Wenn ich mal wieder so einen Anzug kaufen gehe, dann habe ich zunächst einmal eine Vorstellung von der Farbe, die das Kleidungsstück haben soll. Finde ich im Geschäft einen Anzug, der mir zusagt und gleich gefällt, so will ich diesen gleich mit in die Kabine nehmen und ausprobieren, ob der auch passt.

Woran Männer meistens weniger Gedanken verschwenden, meine lieben frauen, ist die richtige Größe. „Letztes Mal muss ich so in etwa eine Größe 48 getragen haben“, so denken viele Männer.

Sie lassen dabei völlig außer Acht, dass das der Konfirmationsanzug war und sie jetzt vielleicht zehn bis fünfzehn Jahre älter sind. Viele Männer sind dann geschockt, wenn sie einen Anzug kaufen und die Verkäuferin ihnen die Größe 27 bringt.

Vor allem, wenn diese dann auch noch passt, wie angegossen. Dabei handelt es sich um eine untersetzte Bauchgröße, wobei ein normal gebauter Mann gleicher Körperlänge die Größe 54 tragen würde.Ich selbst brauche diese Dickebauch nicht, denn für mich gibt es in einem normalen Laden eh nix mehr zu holen. Bei einem Meter neunzig und etwas mehr als 125kg ist selbst in der C&A XL Abteilung nix zu finden. Nebenbei kann man dort eh nichts einkaufen.

Schneideranzug

Handgemacht vom Schneiderlein wird der Anzug immer fein

Nehmen Sie sich bitte mal fünf Minuten zeit, wenn Sie mal in der Nähe vom C&A sind. Gehen Sie in das erste Stockwerk, oder eben dort, wo normalerweise die XL-Abteilung ist, im hintersten Eck des Ladens, und begutachten Sie mal selbst die dort angebotenen Anzüge für Herren. Oder auch die sonstigen dort zu findenden Klamotten.

Ein Designer hat da nicht mitgemacht bei der Erstellung der  Null-Modelle, der Ausgangsschnitte ebensowenig. Diese Schnitte und vor allem auch die verwendeten Farbtöne dieses Cheap and Awful XL-Shops sind wirklich der letzte Schrei. So wie der von van Gogh etwa…

 

Zu welchem Anlass trägt der Mann nun einen Anzug?

 

Den ersten Anzug tragen die meisten jungen Männer bei ihrer Konfirmation oder Kommunion. Selten haben sie vorher Gelegenheit, einmal einen richtigen, kompletten Zweiteiler zu tragen. Zum Schulanfang geht es eher leger zu, die meisten tragen ein Hemd, eine Stoffhose und eine farblich passende Jacke.

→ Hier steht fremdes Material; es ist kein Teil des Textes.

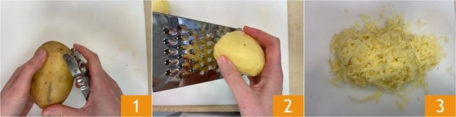 To prepare frico with potatoes and onions, start by peeling the potatoes 1, then grate them using a coarse grater 2. Set them aside for the moment 3.

Wer nicht beruflich einen Anzug tragen muss, der kauft seinen nächsten Anzug zur Hochzeit. Inzwischen sind einige Jahre vergangen und das oben beschriebene Phänomen des Entwachsenseins jeglicher Standardgrößen kann aufgetreten sein.

Auch Bewerbungsgespräche oder eine entsprechende Arbeitsstelle, beispielsweise als Banker oder Rechtsanwalt, erfordern das Tragen von einem Anzug. Weitere Anlässe sind die Taufe des Kindes, die Hochzeit der Verwandten, ein festlicher Abend, ein Geschäftsessen und viele mehr.

 

Von der Stange oder vom Schneider bzw. Designer?

 

Diese Entscheidung hängt im Wesentlichen von der Figur des Trägers ab. Schlanke und normal gebaute Männer können durchaus einen Anzug von der Stange tragen. Für den erlesenen Geschmack und als Prestigeobjekt bieten sich auch Anzüge vom Designer an.

Haben Herren Sondermaße, so wie ich, so sollten sie einen Schneider bemühen. Dieser kümmert sich darum, den Träger vorteilhaft in Szene zu setzen. Hier muss das Kleidungsstück perfekt passen und auch hochwertig in Material und Verarbeitung sein. Ein angefertigter Anzug vom Schneider ist zwar vergleichsweise teuer, dafür hat aber der Träger lange Freude an einem solchen edlen Unikat.

Meinen letzten Anzug habe ich übrigens erst letzte Woche in Auftrag gegeben. Der Schneider hat mir dazu einen Pack Auswahltüchlein der Firma Harrington an die Hand gegeben. Zuhause konnte ich dann in Ruhe mit der ganzen Familie auswählen, was für ein Tuch meinen neuen Anzug ausmachen soll.

Das Schneiderlein, etwa 160 und sehr fleissig, meinte zudem dass eben diese Marke eine der besten sei. Ok, das ausgewählte Muster war auch schön anzufassen und sehr geschmeidig, das sollte mir trotz meines üppigen Körperbaus eine stattliche Hülle bieten für den gebotenen Anlass.

Nach dem Massnehmen meinte er dann, dass etwa in zwei Wochen mein neuer, schniker Anzug fertig sein sollte. Dauert also etwas, aber dafür ist er eben auch passgenau und auch ein Bäuchlein wird dort zu positiver Geltung gelangen.

Aber eigentlich ist es wirklich so, wie ich es damals schon bei meiner Firmung benannte: „Eigentlich passt doch eh jedes Schwein in einen schönen Anzug rein“. So hiermit entlasse ich den Leser, der sich nun einem anderen Artikel widmen darf und danke für die geleistete Aufmerksamkeit.